CIR yx 色度図におけるスペクトル色

以下のCIR yx 色度図における、 ひづめの形の線、即ちスペクトル軌跡上の色を指します。というより、元々はスペクトル色の帯を環状八号線のようにぐるっと丸めたのがスペクトル軌跡ですね。

先に述べたように、複数の光が混ぜ合わさった色、即ちひづめの内部の色は非スペクトル色です。左下の頂点(バイオレット)と右下の頂点(赤)を結んだ線(純紫軌跡)の上にある色も非スペクトル色です。

color_gamut

 

そしてその中に、sRGBCMYKの領域がだいぶ控えめに広がっていますね。

……そうすると、sRGBCMYKで表現できる色域に、スペクトルカラーがないように見えますね。上にスペクトル色として表示されている色はいったい何なのでしょうか。ウソでしょうか。 

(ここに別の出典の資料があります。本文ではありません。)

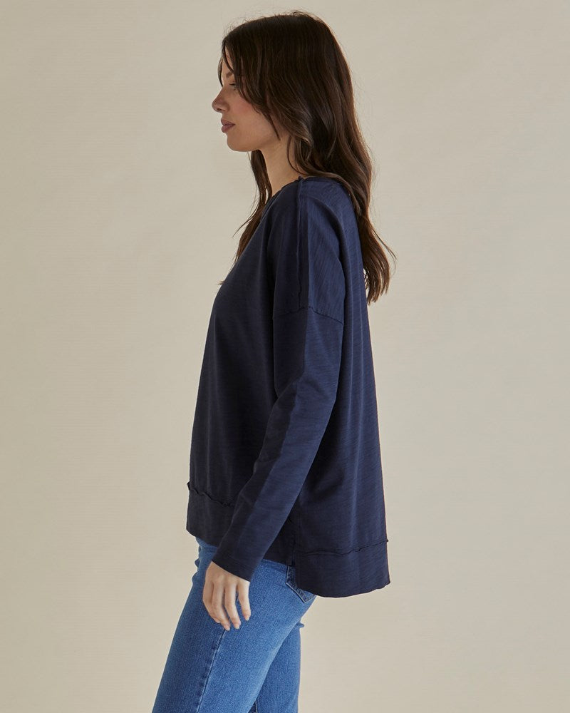 The Roxette Tee is your go-to for effortless, everyday styling. Made from soft cotton slub, it features a relaxed fit with a high-low hem and side splits, adding a playful touch to the elegant design. The raw edge detailing offers a current, on-trend vibe, while keeping you comfortable and cool for those warm summer days.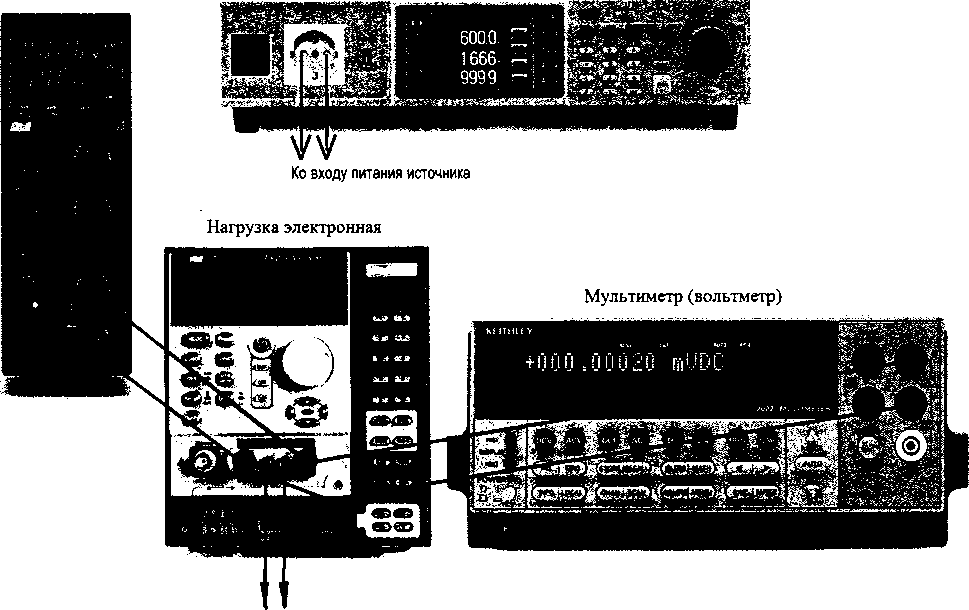7.6.1 Разъемы поверяемого источника питания соединить при помощи измерительных проводов с соответствующими разъемами нагрузки электронной АКИП-1303 и мультиметра цифрового 2002 согласно руководству по эксплуатации по схеме, приведенной на рисунке 1.

実際、ウソと言えばウソです。あくまでイメージです。sRGBCMYKも純粋な光のスペクトラム色を再現するほどサチュレートする(=彩度を上げる)ことはできません。 

例えば、ヘリウムネオンレーザーを使えば、可視スペクトル上にある波長の632.8nmの赤の色を再現することができます。その一方で、印刷物でレーザーと等価の鮮やかさが出せるかと言われると、それは言わずもがなです。本に載っているスペクトラム色も、やはりイメージなのです。

とはいえ、人間の視覚上不都合がないレベルではサチュレーションを上げられているので、それっぽく見る分には充分であるわけです。

 

話を色度図に戻しましょう。

これを見ると各カラーモデルで再現できる色と、実際のスペクトル色との乖離具合が一目でわかります。

たとえば、CMYKの領域は、黄から赤にかけての領域は、ある程度スペクトル色まで手を伸ばせているような感じはしますが、青や緑は絶望的です。sRGBは、青方面はやや善戦していますが、やはり緑方面は苦手そうです。Adobe RGBは緑領域への大幅な改善が見られます。とはいえ、やはり純粋なスペクトル色への到達まではまだまだスペースがあります。

そもそも、仮にAdobe RGBを使用して画像を制作したとしても、見る人間がそれを再現できるデバイスを持っていなければ意味がありません。結局、Web等のデジタル制作の範疇をでないのであれば、スペクトラム色は、色を考える上での理論の値としてとらえておけば十分なのでしょう。